Ledger Vault is both a hardware and a firmware solution, containing the code to enforce transaction rules and platform administration protocols; users can organize multi-party signing of transactions nonlocally, for instance, a key requirement for multi-stakeholder accounts in a fast-moving market.
Businesses that employ the Ledger Vault as a technological solution for custody include First Digital Trust, Legacy Trust Company, CoinShares, and Crypto.com.
While the Ledger Vault does provide a technological structure to support professional and effective digital asset custody, the company doesn’t offer custody services itself.
Anchorage explicitly recognizes the shortcomings of cold storage, drawing attention to it in their website copy and promising a solution that delivers asset productivity as well as security.
Founded in 2017 by two ex-Square employees who brought institutional and infrastructure experience from Docker to the new venture, Anchorage offers a service it says is purpose-built for investors.
Anchorage’s solution involves two-factor authentication of cosigners, including biometric authentication; “hardware security modules” require acceptance of trades by both a client’s team and Anchorage’s, and Anchorage offers oversight, auditability and end-to-end insurance.

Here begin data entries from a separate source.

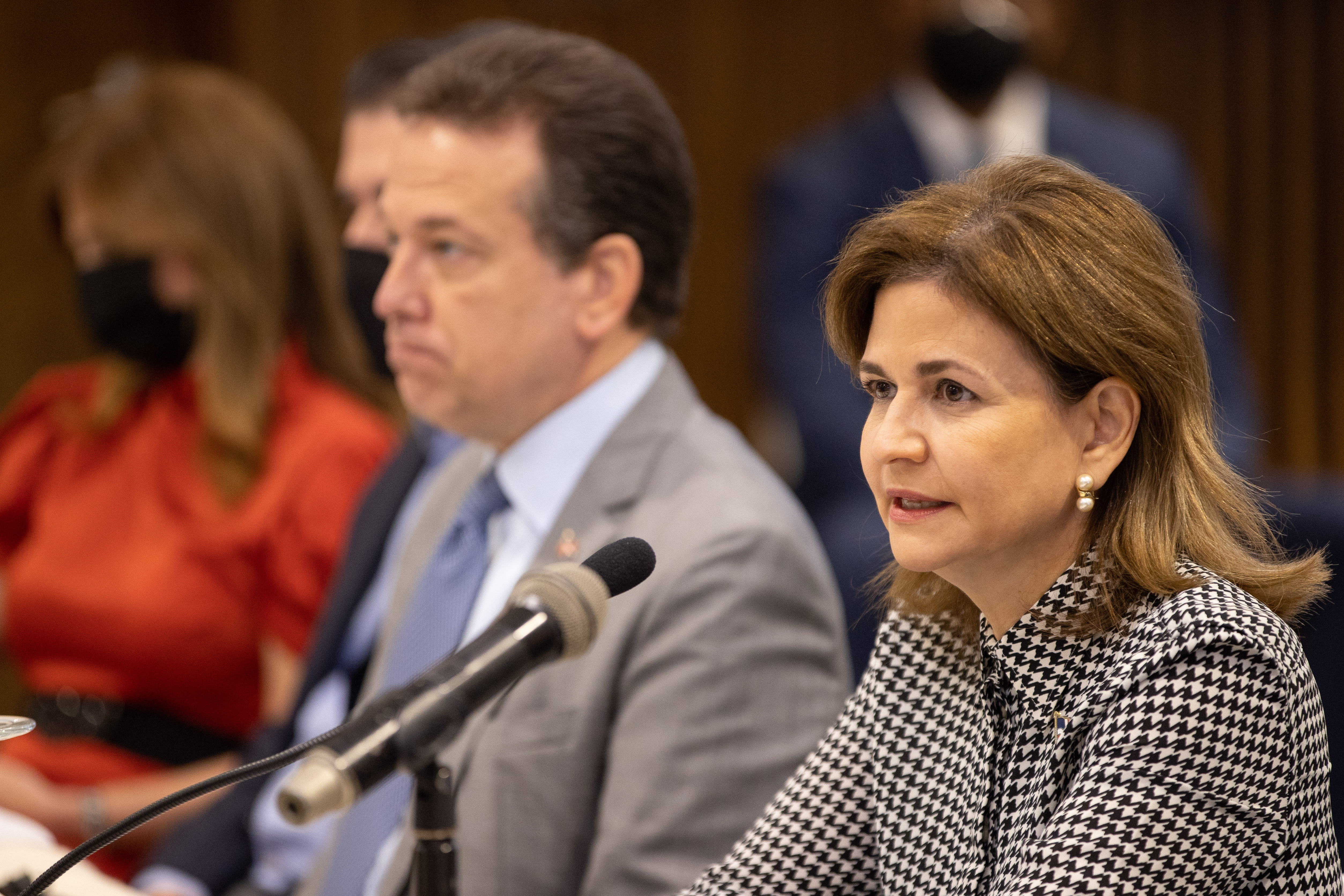 La vicepresidenta Raquel Peña encabezo junto a Ito Bisonó, ministro de industria y comercio y el Sr. Celso Marranzini, presidente del AIRD, un conversatorio con los Directivos de Asociación de Industrias de la República Dominicana. Santo Domingo, República Dominicana. 14 de Diciembre 2021. Vp/ Jhon Escalante
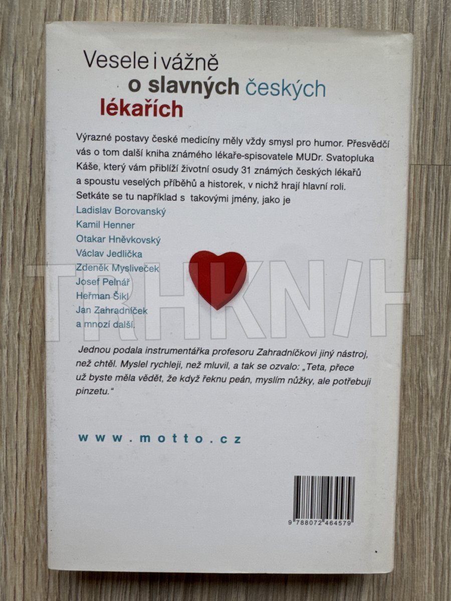 Výrazné postavy české medicíny měly vždy smysl pro humor. Přesvědčí vás o tom kniha známého lékaře-spisovatele MUDr. Svatopluka Káše, který vám přiblíží životní osudy 31 známých českých lékařů a spoustu veselých příběhů a historek, v nichž hrají hlavní roli.
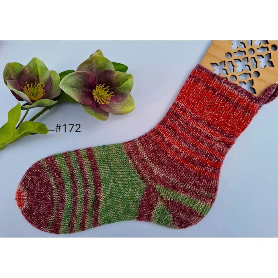 Farben: wählbar wie abgebildet – rot, natur und grün gemustert – ein zarter Glitzerfaden durchzieht den Strumpf
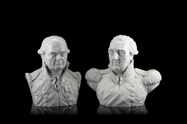 Manufacture of the 20th century. Two white ceramic busts of Generals (h. cm 24)(defects)
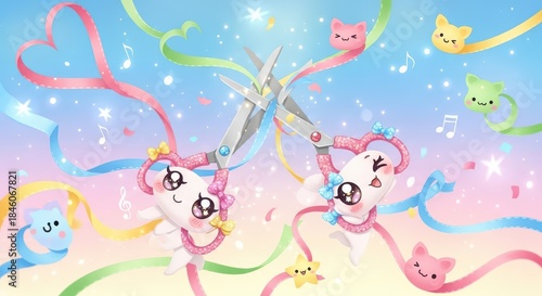 Two cute animated scissors characters interact with colorful ribbons against a pastel sky background
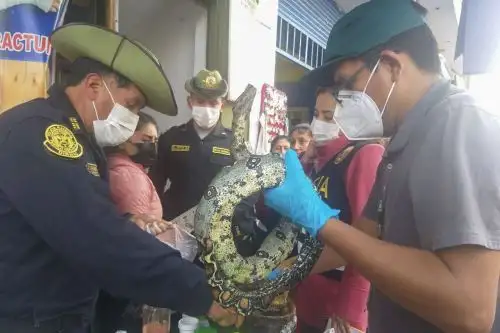 El Servicio Nacional Forestal y de Fauna Silvestre (Serfor), del Ministerio de Desarrollo Agrario y Riego, incautó más de 40 piezas o partes de animales silvestres como cabezas, pieles, patas, caparazones de reptiles lagartos, boas y tortugas disecadas, las cuales eran ofrecidas en puestos ambulatorios de la avenida Aviación, en el distrito de La Victoria.
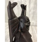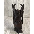 This beautiful hand-carved Buddha statue radiates warmth with its joyful smile and raised hands. The 8" wooden figure has a lovely vintage charm, with minor wear that adds character. The craftsmanship is impressive, making it a perfect spiritual centerpiece or gift. The small chip on the foot doesn’t take away from its peaceful presence—just full of positive vibes!
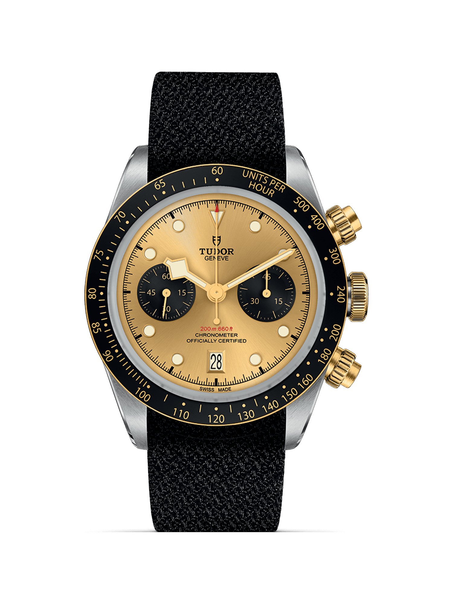Seit 1926 stehen TUDOR Uhren für ausdrucksstarkes Design und feine Schweizer Uhrmacherkunst. Egal, für welches Modell Sie sich entscheiden: Eine TUDOR am Handgelenk ist immer ein Statement für Stil und Eleganz und wird Sie ein Leben lang begleiten. Für Herren, die in Sachen Stil und Qualität keine Abstriche machen möchten, ist die Tudor Black Bay Chrono S&G die optimale Wahl. Dieser sportliche Chronograph kombiniert ein robustes Edelstahl- und Gelbgoldgehäuse mit einem sportlichen Textilband. Der Gehäusedurchmesser beträgt 41 mm und passt je nach Vorliebe an eine Vielzahl von Handgelenken. Durch das teilmattierte Finish erhält das Gehäuse einen modernen und ausdrucksstarken Look, der harmonisch von der schwarzen Lünette ergänzt wird. Auf dem Ziffernblatt in Schwarz sorgen Leuchtindizes für eine leichte Ablesbarkeit, auch bei ungünstigen Lichtverhältnissen, während die Leuchtzeiger aus hell strahlender Leuchtmasse klar abheben. Der Chronograph zeigt die typische Komplikation Tachymeter und das Ziffernblatt verfügt ebenfalls über eine Datumsanzeige. Das verwendete Saphirglas ist extrem hart, kratzfest und langlebig. Mit einer Wasserdichte von 20 bar ist die Black Bay Chrono S&G bestens gerüstet für Abenteuer auf und unter Wasser. Krone und Gehäuseboden sind verschraubt, wodurch Sie sich auf eine Sportuhr verlassen können, die höchsten Ansprüchen gerecht wird. Das Herzstück der Automatikuhr ist das Swiss Made-Manufakturwerk, das in der Black Bay Chrono S&G von Tudor verbaut wird. Eine COSC-Zertifizierung als Chronometer belegt die exzellente Ganggenauigkeit. Mit einer beeindruckenden Gangreserve von 70 Stunden kann die Uhr mehrere Tage lang ungetragen bleiben, ohne neu gestellt werden zu müssen. Das Band aus klassischem schwarzem Textil hält die Uhr sicher durch die Dornschließe am Platz. Alles in allem ist die Tudor eine Uhr, die nichts zu wünschen übrig lässt und auf lange Jahre hinaus zu Ihrem geliebten Begleiter werden wird.

Anchorage enables access to the entire digital asset ecosystem — airdtops and staking, delegation and voting, and even trading — direct from custody.
All in all, it’s an impressive offering. It does require working with Anchorage, through their tools — trading from custody is done through Anchorage Trading, custody management requires the input and oversight of the Anchorage team. So there’s less opportunity for a completely custom custody arrangement, but for some investors that won’t be a dealbreaker.